Thomas a raté ses études à l’Université, décevant ainsi les rêves d’ascension sociale de son père. Il doit donc vivre de petits boulots, notamment un travail de nuit dans l’atelier Lacombe. Celui-ci ressemble plus à l’usine magnifiquement évoquée par Chaplin dans Les Temps modernes, où régnait encore un travail à la chaîne abrutissant. Les « ouvriers » sont désormais des « opérateurs », au service d’une machine nommée Miranda, tout aussi inhumaine. Ils sont soumis à une forme nouvelle et plus subtile d’exploitation, qui repose sur des « objectifs de production » impossibles à remplir. Leurs pères travaillaient déjà dans l’entreprise, mais ils étaient de véritables ouvriers, certes épuisés par le travail, mais aux emplois et salaires fixes, et fiers de leur condition d’« ouvriers », c’est-à-dire d’hommes qui œuvraient à quelque chose qui avait du sens. Les fils ne sont plus que des intérimaires, des employés jetables, lorsque l’usine diminue sa production, ferme ou délocalise. Ce qui se passe avec Lacombe, dont on assiste au démantèlement, et qui va déménager à Boncourt, dans le Jura suisse. Les pages où Thomas Flahaut évoque la prise de conscience des salariés et leur solidarité, face au licenciement qui les menace, sont d’une grande beauté lyrique. Ainsi que celles où l’auteur raconte un 1er août bruyant de protestation de ces frontaliers jusque devant la nouvelle usine, et la grève spontanée qui en découle. Quant à Louise, elle fait des études de sociologie à Besançon, et commence à enquêter auprès de ces frontaliers, en vue d’une thèse universitaire.
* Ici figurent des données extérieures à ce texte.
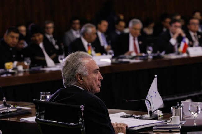 El Presidente de Brasil, Michel Temer, en su rol de Presidente Pro Tempore, inició la reunión multilateral refiriéndose a la importancia de la apertura comercial del bloque y, de manera especial, a la relación del MERCOSUR con la Alianza del Pacífico.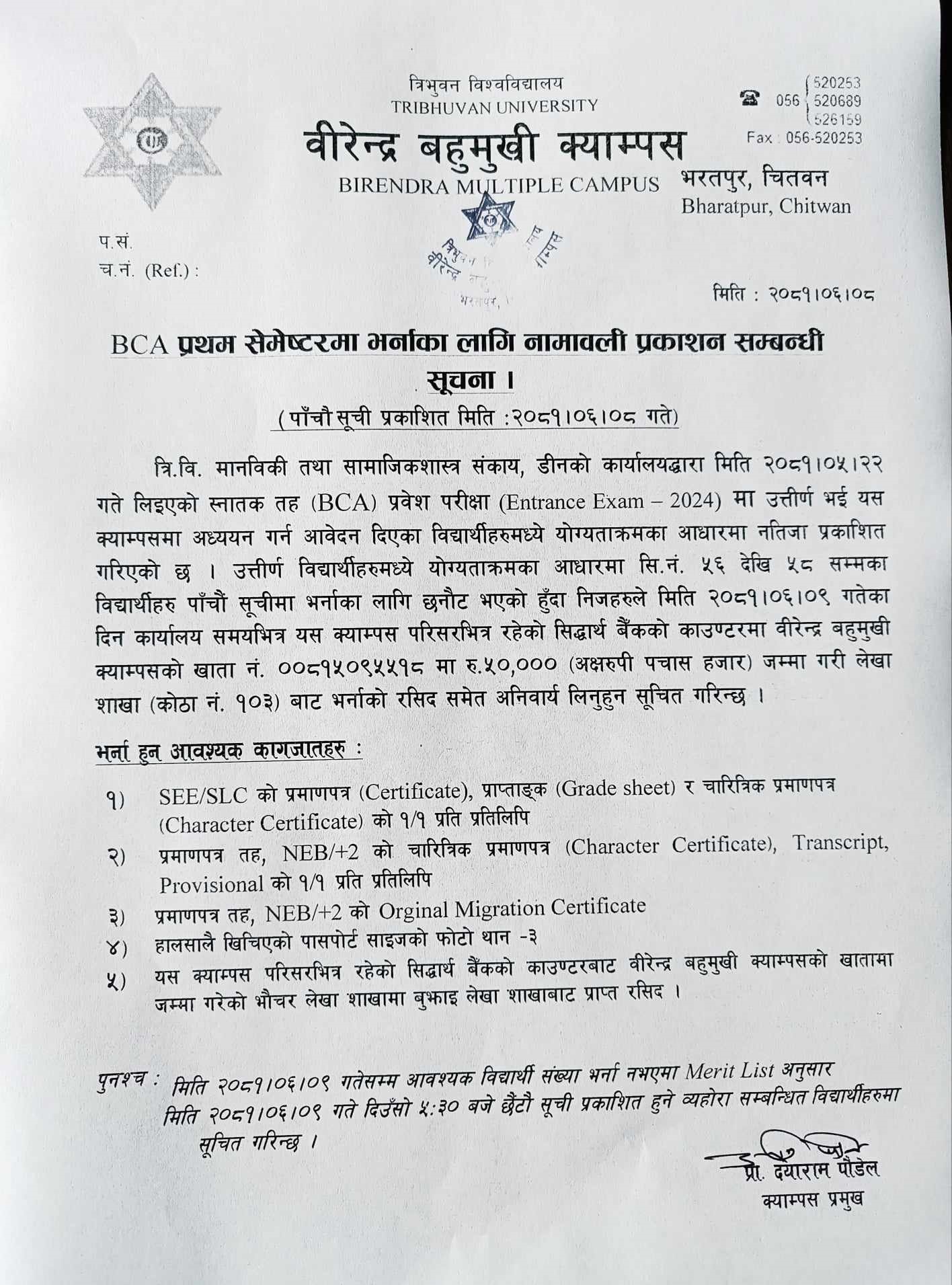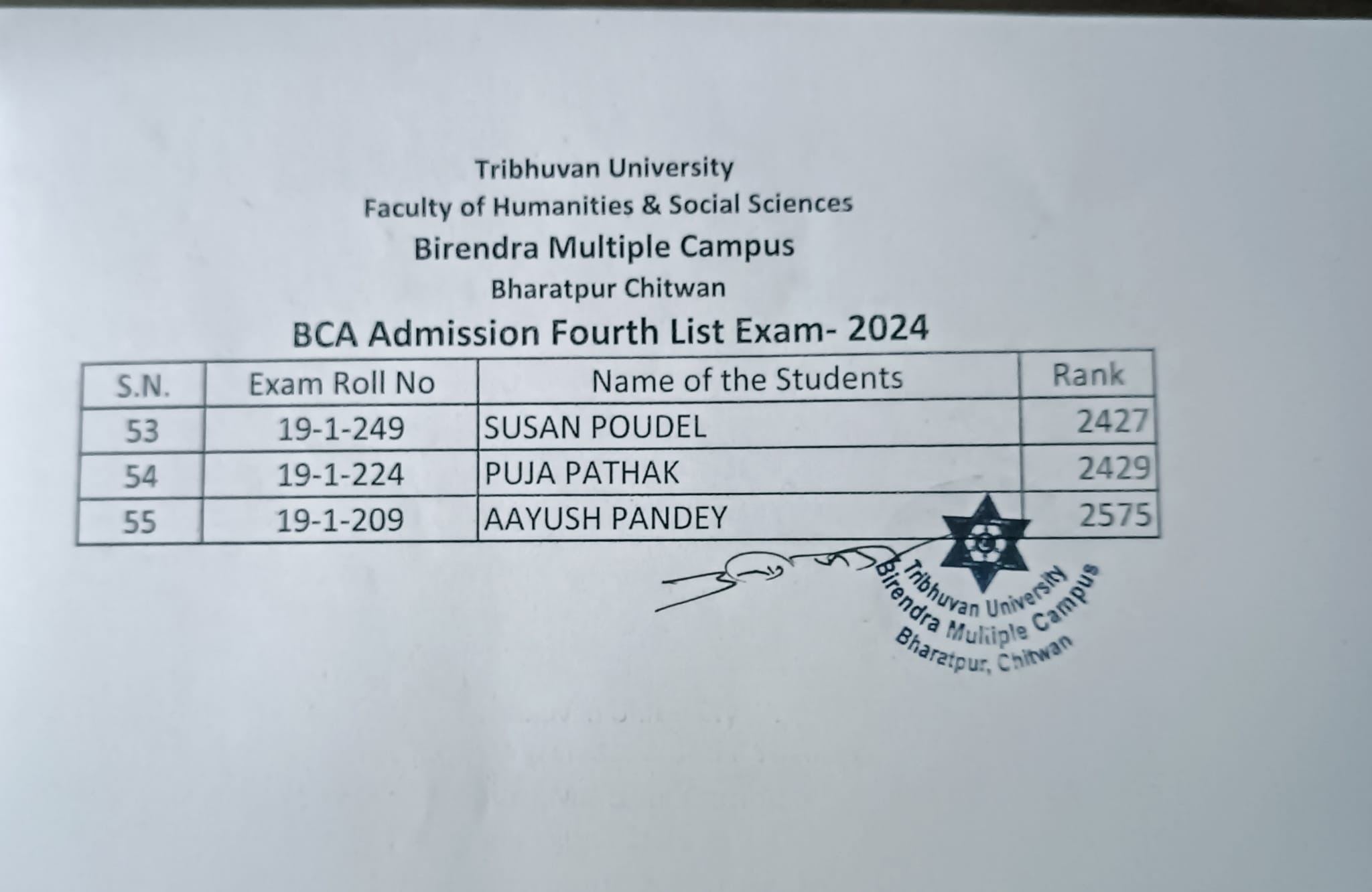 BCA प्रथम सेमेस्टरमा भर्नाका लागि नामावली प्रकाशन सम्बन्धी सूचना - चौथो सूची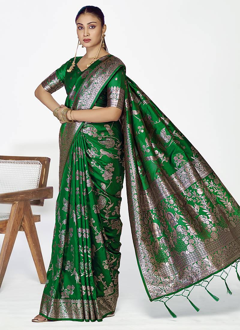 | Product Description | Make A Royal Statement With This Emerald Green Banarasi Silk Saree, Crafted With Intricate Golden Zari Motifs Throughout. The Sheen Of The Silk And The Richness Of The Weaving Make It Suitable For Any Grand Occasion.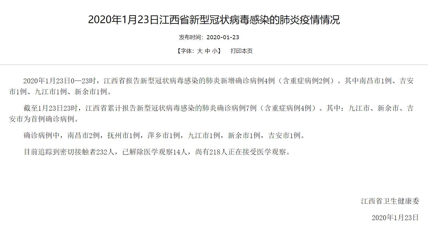 荔枝新闻讯 据江西卫健委网站通报,2020年1月23日0—23时,江西省报告新型冠状病毒感染的肺炎新增确诊病例4例(含重症病例2例)。其中南昌市1例、吉安市1例、九江市1例、新余市1例。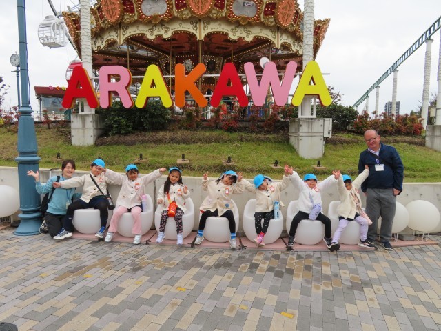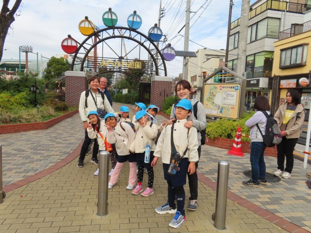 今日は、あらかわ遊園に遠足に行きました。最初に「豆汽車」に乗りました。運転手さんが、ゆっくり走ってくれて動物のことを教えてくれました。次にシューティングをしてから観覧車に乗りました。とても高いところまで上がったので遠くの景色までよく見えました。次はジェットコースターに乗りましたが、とても混んでいました。そして、動物の餌やりをしました。最初は少し怖かったですが、おいしそうに食べてくれました。ロング滑り台を滑ってから、午前中の最後にメリーゴーランドに乗ってからお弁当になりました。午後は、スカイウォーク(自転車)、ふわふわドーム、最後にもう一度、ロング滑り台をしました。いっぱい遊んで楽しかったです。みんなで遊園地、最高でした!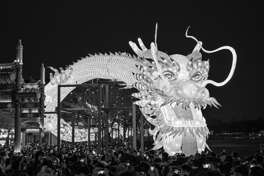 2月24日在北京市西城区什刹海荷花市场拍摄的巨型龙灯“蛟龙出海”。 当日是元宵佳节,各地群众举办多样活动迎接佳节的到来。 新华社记者 李鑫 摄

Elle va vivre un émouvant mais court amour avec Mehdi, qui depuis sa sortie de l’école, n’a connu que des emplois éphémères.
Ce roman est aussi celui d’une jeunesse sans avenir, sans espérance, qui se réfugie dans le tabac, l’alcool, le shit, les rave parties improvisées, le sexe et la défonce dans de dangereuses courses à moto, dont l’une finira tragiquement. On comprend que ce thème, magnifiquement traité par l’auteur – qui a su faire siens les états d’âme et le langage, ainsi que les rites de cette jeunesse – ait profondément marqué les gymnasiens qui attribuent ce prix du Roman des Romands. Mais il interpelle en fait toutes les générations.
La Suisse, dans ce roman, ne fait pas belle figure… Elle n’apparaît que sous la forme d’un eldorado salarial largement illusoire, dans la xénophobie anti-frontaliers de ses habitants, et au travers des personnages cravatés de patrons quasi invisibles, qui décident sans états d’âme du sort de vieux ouvriers et de jeunes intérimaires sans aucune sécurité de l’emploi.
Avec Les nuits d’été, Thomas Flahaut, jeune auteur de 31 ans, signe une vaste fresque sociale, d’une rare force, qui nous change du parisianisme superficiel d’une bonne partie de la production francophone.
Il n’est pas exagéré de dire qu’avec cet opus, un grand auteur est né.